[Items listed in a dataset]
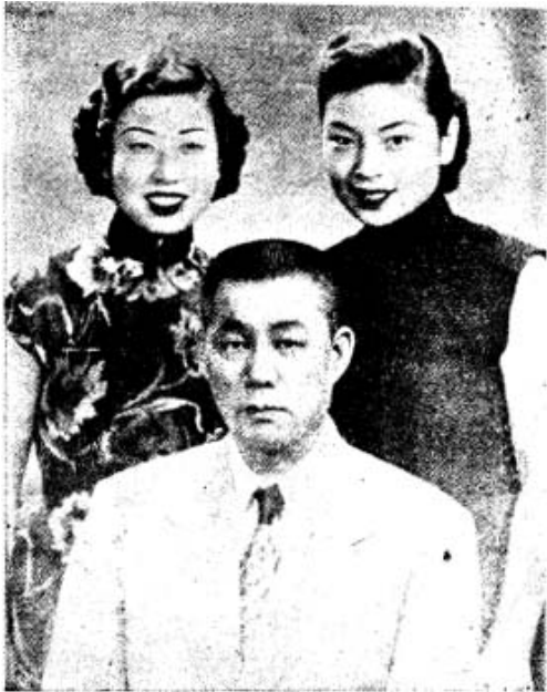
ဦးစင်စု ဖောင်ကောင်း၌ ကြီးပွားနေစဉ် ဝဲမှယာ။ ဦးစင်စုနှင့် ကျွန်ုပ်၏၊ ကျွန်ုပ်၏၊ ကျွန်ုပ်၏၊ ကျွန်ုပ်၏။

ကျွန်ုပ်ပေ့ရှုပ်ခဲ့သော ဘဝဇာတ်ခုံ ပေါ်မှ တစ်ခန်းသောဇာတ်ကွက်တစ်ကွက် ကို ထုတ်နှုတ်တင်ပြ ရပါလေသော် ....။
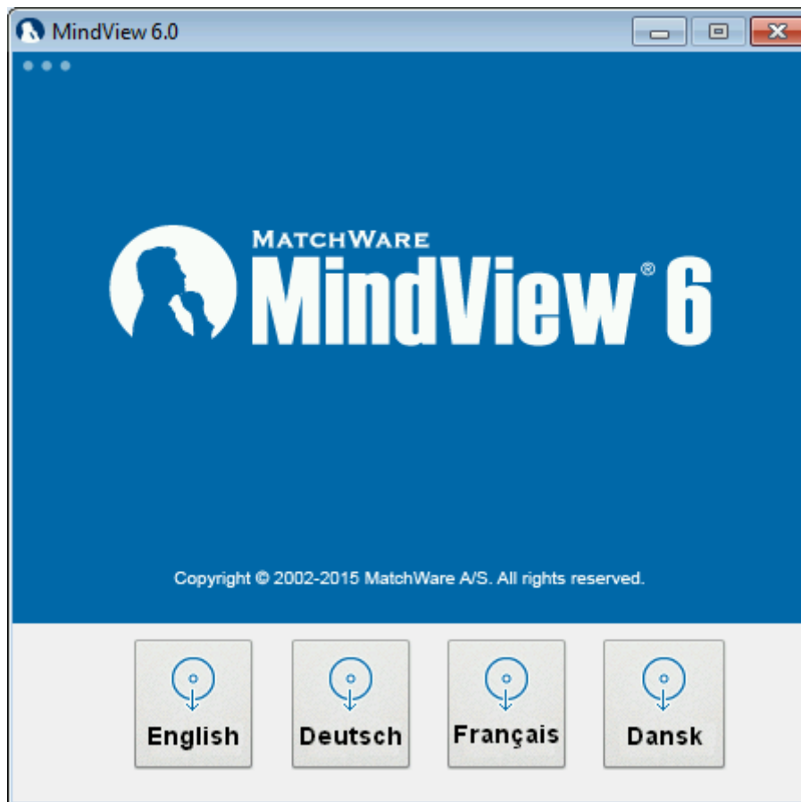
Figure 1 – Installation de MatchWare MindView – Menu du DVD

Si le programme d'installation de MindView ne démarre pas automatiquement :
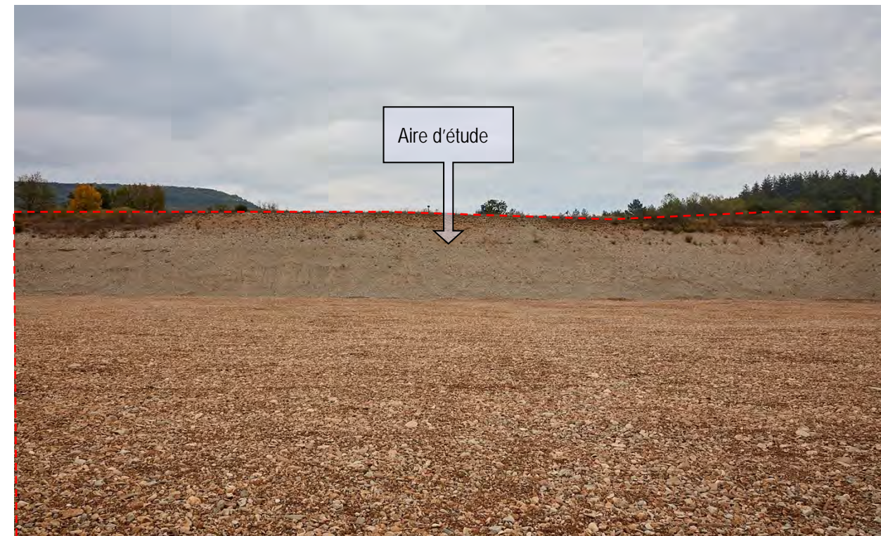
VUE ECHELLE RAPPROCHEE/IMMEDIATE N° 14 : AU MILIEU DE L'ESPLANADE, VUE EST
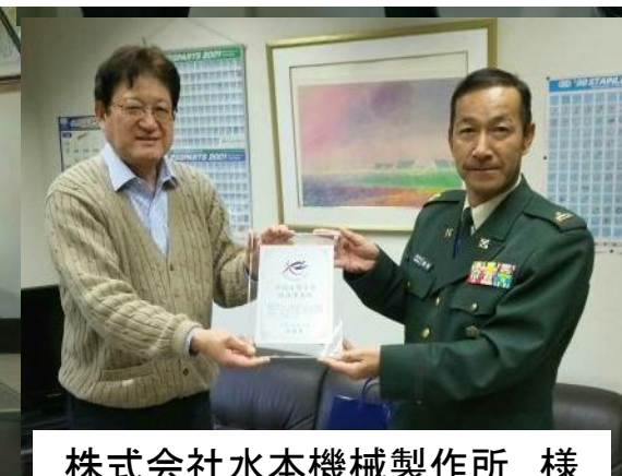
株式会社水本機械製作所 様
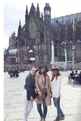
Vor dem Kölner Dom. >
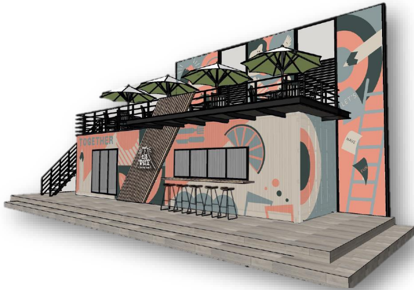
(衛福部社家署協助設計的貨櫃圖)
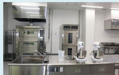
食品加工プラント(11号館) 生命科学部で食品を 製造・加工する実習室を設置
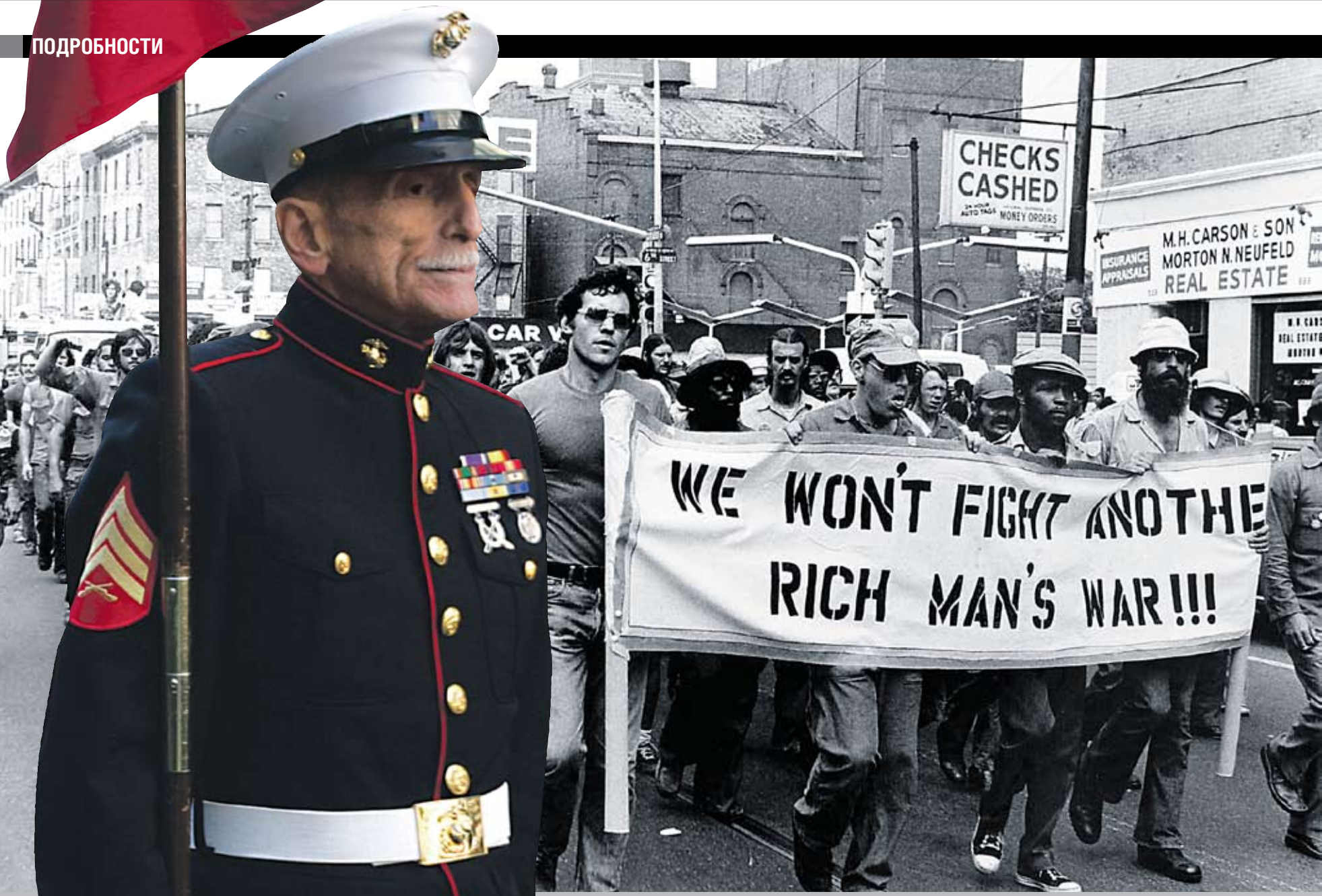
Коллаж Андрея СЕДУХА
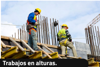
Trabajos en alturas.
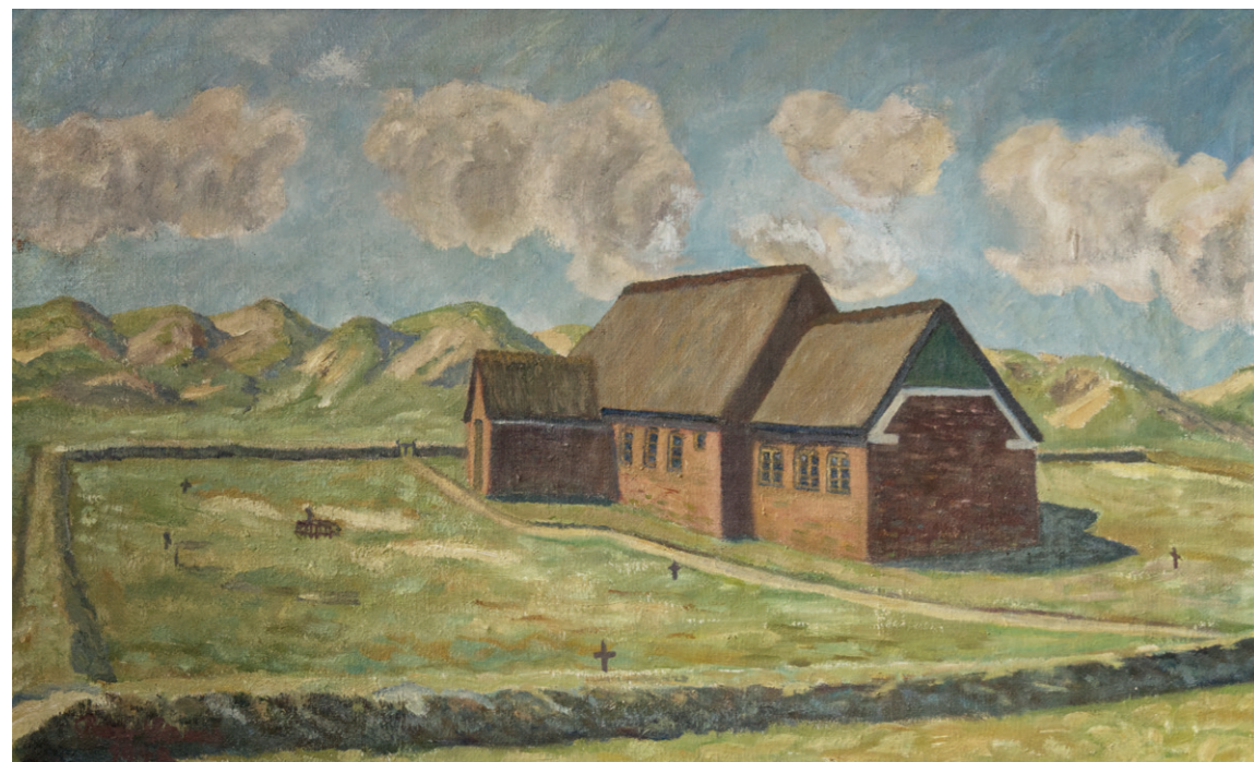
På et nyere maleri, ganske tydeligt inspireret af tegningen fig. 2, er stråtaget tydeligt. Maleri i Oksby Kirke.

den dansk-tyske grænse ved vestkysten, er romansk og har stadig stråtag. Teglsten og kunsten at brænde ler til tegl blev først for alvor udbredt over landet i 1200-tallet, og mange af vores granitkirker er ældre. Den fremherskende opfattelse har været, at de var behængt med bly, men bly var en dyr, eksklusiv importvare. Ofte er tagværkerne over kirkerne fra ældre middelalder udskiftet, og måske er årsagen, at tagværkerne skulle forstærkes, fordi de fleste var dimensioneret til at bære et stråtag fra begyndelsen? I ældre middelalder og i den stråtækte kirkes samtid var kirker med stråtag måske slet ikke så sjældne? Det stråtag, som kirken nu er berømt for, endte med at blive årsagen til, at kirken blev nedbrudt. I 1861 blev en

:: Task instructions ::
The records above are to be set down exactly as written, with no images.

:: Response to the task ::
ဦးစင်စု ဖောင်ကောင်း၌ ကြီးပွားနေစဉ် ဝဲမှယာ။ ဦးစင်စုနှင့် ကျွန်ုပ်၏၊ ကျွန်ုပ်၏၊ ကျွန်ုပ်၏၊ ကျွန်ုပ်၏။

ကျွန်ုပ်ပေ့ရှုပ်ခဲ့သော ဘဝဇာတ်ခုံ ပေါ်မှ တစ်ခန်းသောဇာတ်ကွက်တစ်ကွက် ကို ထုတ်နှုတ်တင်ပြ ရပါလေသော် ....။
Figure 1 – Installation de MatchWare MindView – Menu du DVD

Si le programme d'installation de MindView ne démarre pas automatiquement :
VUE ECHELLE RAPPROCHEE/IMMEDIATE N° 14 : AU MILIEU DE L'ESPLANADE, VUE EST
株式会社水本機械製作所 様
Vor dem Kölner Dom. >
(衛福部社家署協助設計的貨櫃圖)
食品加工プラント(11号館) 生命科学部で食品を 製造・加工する実習室を設置
Коллаж Андрея СЕДУХА
Trabajos en alturas.
På et nyere maleri, ganske tydeligt inspireret af tegningen fig. 2, er stråtaget tydeligt. Maleri i Oksby Kirke.

den dansk-tyske grænse ved vestkysten, er romansk og har stadig stråtag. Teglsten og kunsten at brænde ler til tegl blev først for alvor udbredt over landet i 1200-tallet, og mange af vores granitkirker er ældre. Den fremherskende opfattelse har været, at de var behængt med bly, men bly var en dyr, eksklusiv importvare. Ofte er tagværkerne over kirkerne fra ældre middelalder udskiftet, og måske er årsagen, at tagværkerne skulle forstærkes, fordi de fleste var dimensioneret til at bære et stråtag fra begyndelsen? I ældre middelalder og i den stråtækte kirkes samtid var kirker med stråtag måske slet ikke så sjældne? Det stråtag, som kirken nu er berømt for, endte med at blive årsagen til, at kirken blev nedbrudt. I 1861 blev en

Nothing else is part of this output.